Question

one safe investment pays 9% per year, and a more risky investment pays 13% per year.
a. how much must be invested in each account if an investor of $97,000 would like a return of $9,730 per year?
b. why might the investor use two accounts rather than put all the money in the 13% investment?
a. $\square$ is invested in the 9% account.

Explanation:

Step1: Define variables

Let $x$ = amount invested in 9% account, $97000 - x$ = amount invested in 13% account.

Step2: Set up return equation

Total return = sum of individual returns:
$$0.09x + 0.13(97000 - x) = 9730$$

Step3: Expand and simplify equation

$$0.09x + 12610 - 0.13x = 9730$$
$$-0.04x + 12610 = 9730$$

Step4: Isolate x term

$$-0.04x = 9730 - 12610$$
$$-0.04x = -2880$$

Step5: Solve for x

$$x = \frac{-2880}{-0.04} = 72000$$

Step6: Find 13% account amount

$$97000 - 72000 = 25000$$

(for part b):
Using two accounts balances risk and return.
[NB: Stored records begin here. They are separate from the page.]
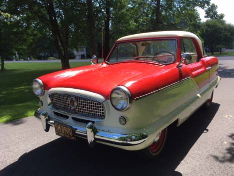 Its been called one of the 10 best collectible cars ever, with it's diminutive size, clown-car looks, and Fifties-style two-tone paint -- it could only be the Nash Metropolitan! Designed in Wisconsin and built in England, the "Met" was one of America's first subcompact cars. More than that, it helped to transform Nash Motors into the American Motors Corporation (AMC). Much like the modern smart fortwo, the Nash Metropolitan still has a strong cult following. Thanks to its adorable styling and admirable frugality, the Metropolitan was more successful as a conversation piece and fashion statement than as practical transportation. Still, it was America's first successful subcompact car. This was their series IV model Metropolitan and this particular car was built between May and June of 1960. The "Metropolitan's staying power and its never-ending cuteness" have earned it "a place among the Greatest Cars of All Time" in the opinion of automotive writer Jack Nerad, a former editor of Motor Trend magazine. Notable people who own or have owned metropolitan's are Jimmy Buffett, Bridget Fonda, Greg Gutfeld, Steve Jobs, Princess Margaret, Paul Newman, Elvis Presley, Graham Stark and "Weird" Al Yankovic. This car is a 1961, which was the last year for the Metropolitan with only 853 shipped to the US and 116 sent to Canada making the total shipped 969. The engine is a 1500cc, 4 cylinder capable of getting 39mpg at moderate speeds. The transmission is a 3 speed standard column shifter. It is equipped with a working original AM radio and "weather eye" heater. It even has it's original NY license plates which can be used on the road and are included with the sale of the car ($24 a year to renew). Note: In 1961 they used 1960 plates with a "61" tab covering the "60"on the rear plate only. Insurance is only costing me $43 a year through Haggerty classic insurance- with full coverage! It has just passed the NYS inspection with no problem. All fluids have been changed and are at proper levels. There is no rust on this car because it was in an indoor heated location for many years. The undercarriage has been carefully cleaned and heavily coated with a truck bed liner coating which will keep it rust free for many years to come. Everything is original and in working condition. Runs, drives and brakes well. Carpets and seats are in excellent condition. All 5 tires have excellent matching tread. The grille surround moldings, front and rear bumpers (with guards) are brand new. All locks work. Parts are readily available for this car from several good sources should you ever need any in the future. Price $14,500 For information please call five one eight seven five eight nine one six three 518-758-9163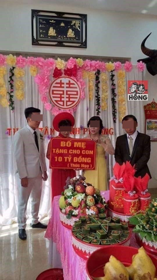 Trong bức ảnh, bố mẹ cô dâu đã làm một tấm bảng đỏ, dán chữ màu vàng với nội dung: "Bố mẹ tặng cho con 10 tỷ đồng" và trao cho đôi tân lang tân nương trên sân khấu. Trong tấm ảnh, có thể thấy bố mẹ và con gái, con rể đều rưng rưng khi nhận quà.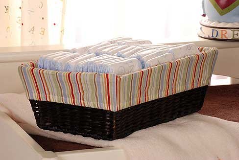 - The woven basket contains a fabric liner that fits snug in the basket with elastic binding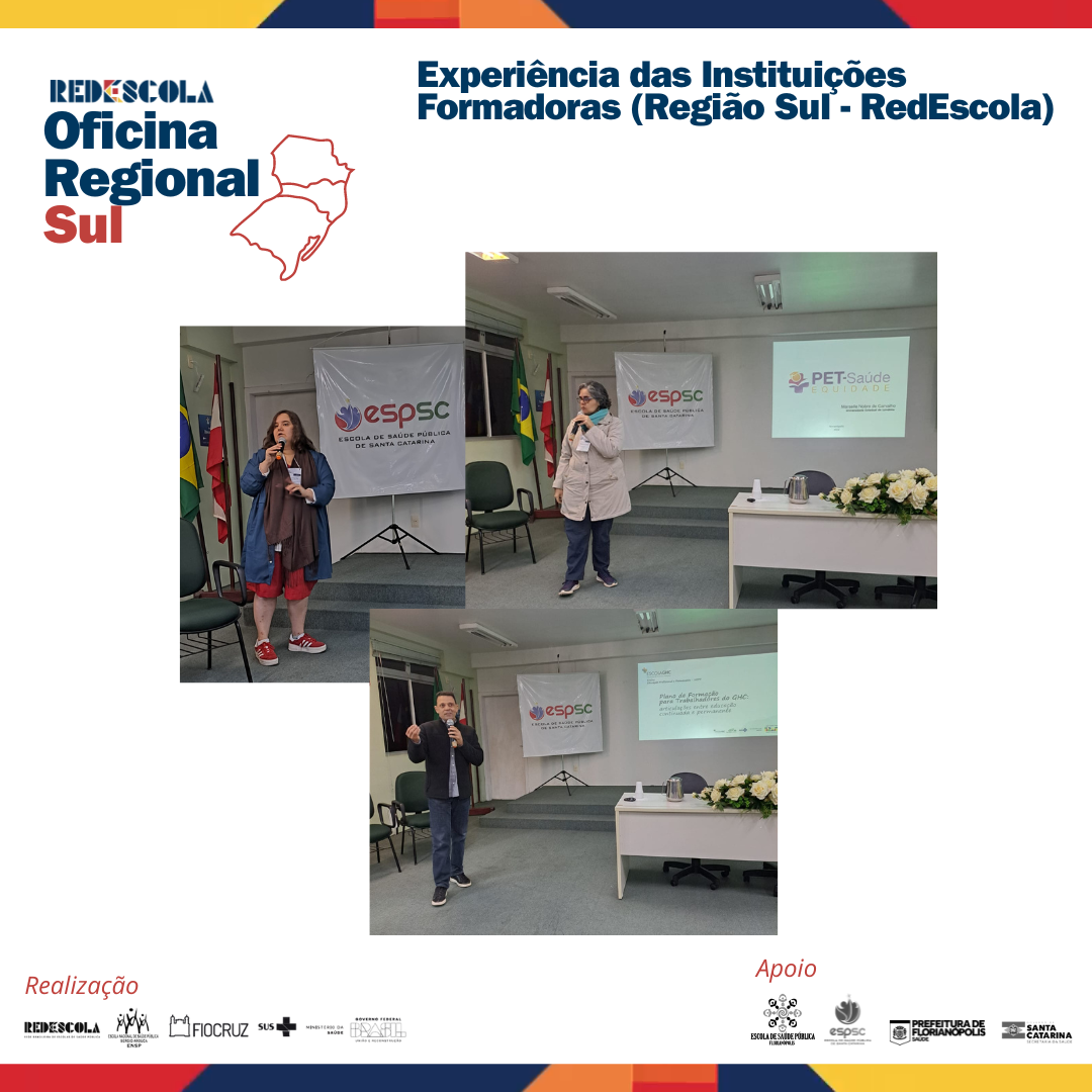 Após um primeiro dia de intensas discussões e troca de experiências, a Oficina Regional Sul RedEscola continua com uma programação voltada para a partilha de práticas inovadoras na formação dos trabalhadores do SUS, com destaque para as apresentações das instituições formadoras da Região Sul.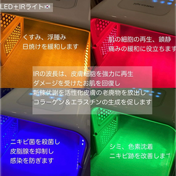 IRが付いて、光のスペックも皮膚科治療で使われているヒーライトとほぼ変わらず皮膚科よりも気軽にダウンタイムなく効果の実感出来る新しい次世代LED。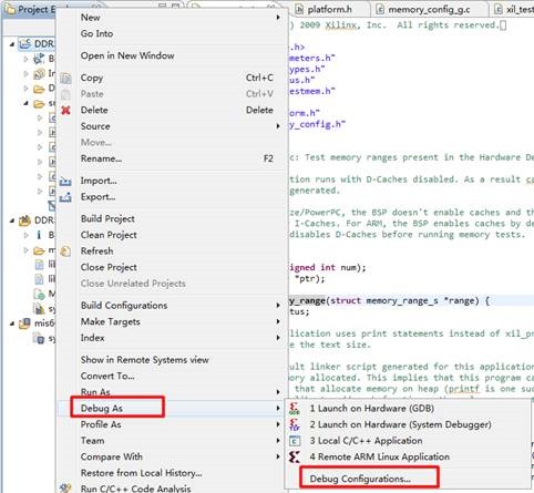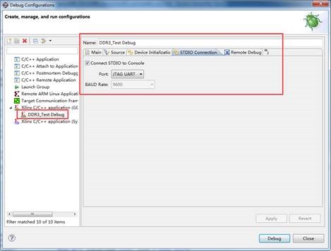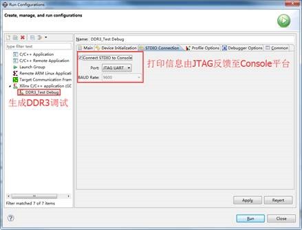 ◎将ISE生成的bit文件下载到开发板上。下载完成后,运行SDK软件部分。在Run Configurations界面先配置好。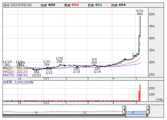 ビ花壇 <日足> 「株探」多機能チャートより(東証上場 4183 銘柄対象[ETF、REIT含む])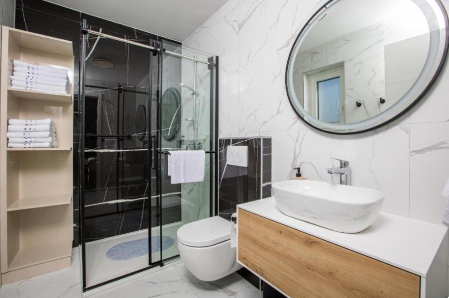 L'appartamento Aura si trova a Malinska, sull'isola di Krk, a soli 300 metri dal mare, ed è ideale per una vacanza rilassante. Il moderno e spazioso appartamento è composto da tre camere da letto, un soggiorno, una cucina completamente attrezzata, un balcone e una terrazza con vista mare. Gli ospiti hanno a disposizione Wi-Fi, aria condizionata, una piscina privata e un parcheggio. Nelle vicinanze si trovano numerose spiagge e attrazioni come il centro di Krk e il Castello di Krk (13 km), il Monastero di Košljun (16 km) e il porto turistico di Punat (17 km), il che rende questa posizione la perfetta combinazione di tranquillità e servizi.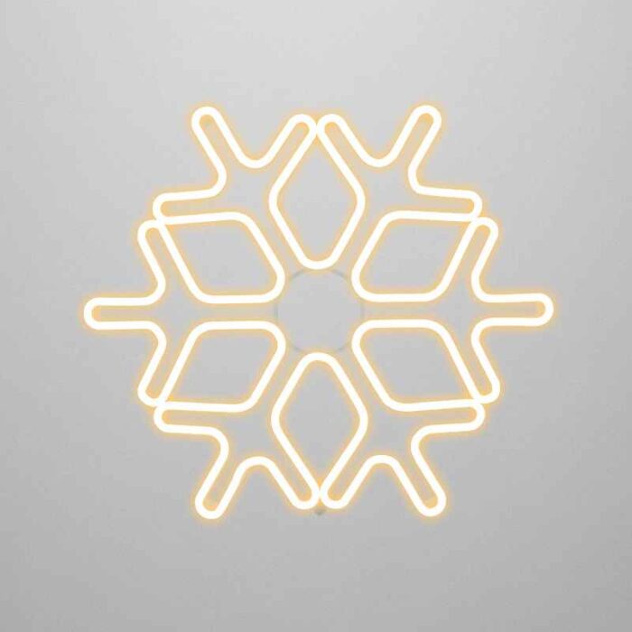 Фигура выполнена на жёстком металлическом каркасе, а основным световым элементом служит гибкий неон. Это решение обеспечивает равномерное свечение по всему периметру фигуры и подчёркивает контуры снежинки. Гибкий неон визуально напоминает классические трубки, но лишён их хрупкости и хрупких стеклянных элементов — он устойчив к вибрациям и температурным перепадам.

The 9% account provides stable, low-risk returns to avoid total loss if the 13% risky investment performs poorly, while the 13% account offers higher growth potential. This strategy reduces overall financial risk while still targeting a desired return.

Answer:

a. $72,000 is invested in the 9% account, and $25,000 is invested in the 13% account.
b. To balance risk and return: the safe 9% investment protects against total loss from the risky 13% option, while the risky account allows for higher growth, creating a more stable, targeted return strategy.